INCOMPASS suite fail

Reported by: amenon
Component: UM Model Keywords: Nesting suite
Cc: Platform: ARCHER
UM Version: 10.4


Hi Ros,

Problem 1

Reconfiguration jobs "INCOMPASS_k4p4_2_v2p1_qcons_um_recon" and "INCOMPASS_km4p4_v2p1_qcons_um_recon" are failing with an error as follows (I have attached the screenshot of the suite cylc)

???!!!???!!!???!!!???!!!???!!!       ERROR        ???!!!???!!!???!!!???!!!???!!!
?  Error code: 10
?  Error from routine: Calc_nlookups
?  Error message: Ancillary files have not been found - Check output for details
?  Error from processor: 0
?  Error number: 0

When I check the job.out file, it shows that the following ancilliary files are missing

File No    6 /work/n02/n02/amenon/cylc-run/u-af584/share/cycle/20150601T0000Z/INCOMPASS/km4p4/v2p1_qcons/ics//ostia_seaice.anc
Ancillary File does not exist.
File : /work/n02/n02/amenon/cylc-run/u-af584/share/cycle/20150601T0000Z/INCOMPASS/km4p4/v2p1_qcons/ics//ostia_seaice.anc
Stashcode :    31
File No    7 /work/n02/n02/amenon/cylc-run/u-af584/share/cycle/20150601T0000Z/INCOMPASS/km4p4/v2p1_qcons/ics//ostia_sst.anc
Ancillary File does not exist.
File : /work/n02/n02/amenon/cylc-run/u-af584/share/cycle/20150601T0000Z/INCOMPASS/km4p4/v2p1_qcons/ics//ostia_sst.anc
Stashcode :    24

I checked those directories and these files don't exist. In the OSTIA directory in my ARCHER work folder (/work/n02/n02/amenon/suite/INC4P4/OSTIA) I see that the files are named as "20150531_ostia_seaice.anc", "20150531_ostia_sst.anc 20150601_ostia_seaice.anc" and " 20150601_ostia_sst.anc"

Problem 2

Forecast jobs "INCOMPASS_k4p4_2_v2p1_qcons_um_fcst_000" and "NCOMPASS_km4p4_v2p1_qcons_um_fcst_000" fail with error from routine: io: buffin as shown below

???!!!???!!!???!!!???!!!???!!!       ERROR        ???!!!???!!!???!!!???!!!???!!!
?  Error code: 25
?  Error from routine: io:buffin
?  Error message: Error in buffin errorCode= 0.00 len=524288/937984
?  Error from processor: 0
?  Error number: 20

Suite id: u-af584

Any thoughts on this?


Change History (6)

comment:1

  • Reporter changed from ros to amenon

comment:2

Update from Arathy:

Stu is back. I contacted him regarding the error. This was his reply

So the error is actually in the task that should create the missing files, i.e. its in the *_um_surf_ostia task.

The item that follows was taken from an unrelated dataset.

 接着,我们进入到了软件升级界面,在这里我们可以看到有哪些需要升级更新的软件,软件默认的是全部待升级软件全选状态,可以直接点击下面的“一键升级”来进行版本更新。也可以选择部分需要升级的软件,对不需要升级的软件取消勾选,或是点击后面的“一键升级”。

The error is in the job.out file (on PUMA its in file
p1_qcons_um_surf_ostia/01/job.out`) and is that

 "XALT Error: unable to find aprun" .

So, can you try the following?

(1) on PUMA edit your site/ncas-cray-xc30/suite-adds.rc file, deleting the 4 lines below the line [[SURF_OSTIA]] , i.e. these ones…

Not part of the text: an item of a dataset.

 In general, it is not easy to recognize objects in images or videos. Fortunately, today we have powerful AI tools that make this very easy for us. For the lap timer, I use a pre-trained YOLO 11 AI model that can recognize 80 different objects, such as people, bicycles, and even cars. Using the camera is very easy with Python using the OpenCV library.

(2) Then I presume that your suite will have shut down. So rose suite-run --restart and then retrigger one of the failed um_surf_ostia tasks.

(3) Let me know what that yields!

I did this, but ended up with the same error. So Stu suggested me that I should contact NCAS-CMS and this might be more technical.


comment:3

Hi Arathy,

I found the offending aprun line in one of the SURF scripts so I’ve removed that and then SURF fails as I built it for the compute nodes not serial nodes as I didn’t realise it was run there. Just rebuilding it now and I’ll let you know when it good to try again.


comment:4

Hi Arathy,

After a few fights with ARCHER I think we now have a working SURF executable at least my copy of your INCOMPASS_km4p4_v2p1_qcons_um_surf_ostia and its sibling have both supposedly succeeded.

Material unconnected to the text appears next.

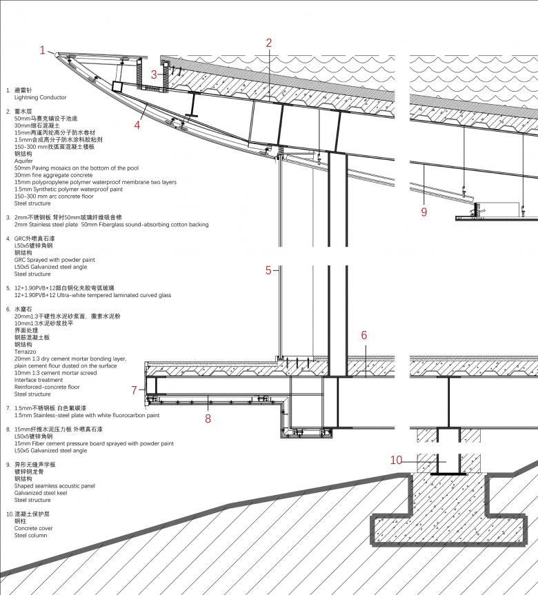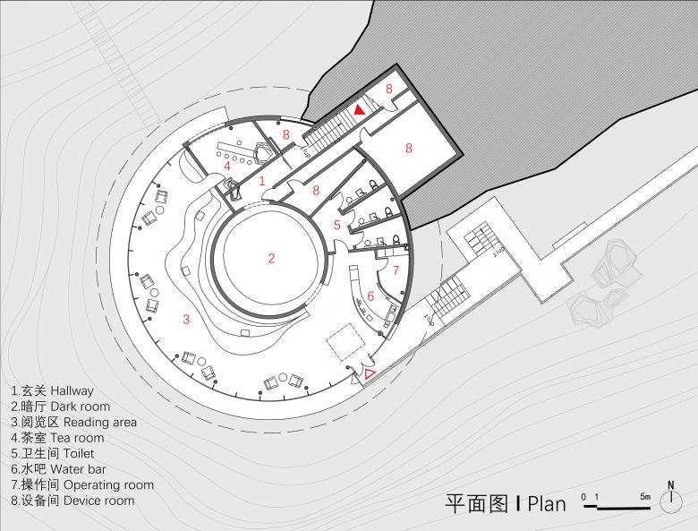 The roof section is bowl shaped, and the transparent glass in the reading area endows the roof with a sense of suspension. The space in the bowl is a pool, below which the main building is located. People go down the corridor and "dive in" from under the pool. The interior is composed of a group of dramatic spaces with a sense of sequence, light and dark, opening and closing overlapping. From the porch to the circular dark space in the middle of the building, and further to the bright and transparent reading area in the outer ring of the building, as well as the simple tea room and mysterious toilet area, readers read the architecture, environment and themselves in different ways.

The directory for SURF has now changed as it's built for a different part of ARCHER with a different architecture, so you'll need to change the SURF source in


It's just a change in the name from ivybridge to x86_64.


I also had to change a couple of wallclock times as they got exceeded which I would recommend you to do as well.


Changed from 00:10:00 to 00:20:00 under:

        -l walltime = 00:20:00

Changed from 01:00:00 to 02:00:00
        -l walltime = 02:00:00


comment:5

Hi Ros,

Excellent! Thanks a lot. My suite was not running when I got your mail. I made all these changes, changed the wall clock time too and restarted the suite. The INCOMPASS_km4p4_v2p1_qcons_um_surf_ostia succeeded for me too. Thanks.


comment:6

  • Resolution set to fixed
  • Status changed from new to closed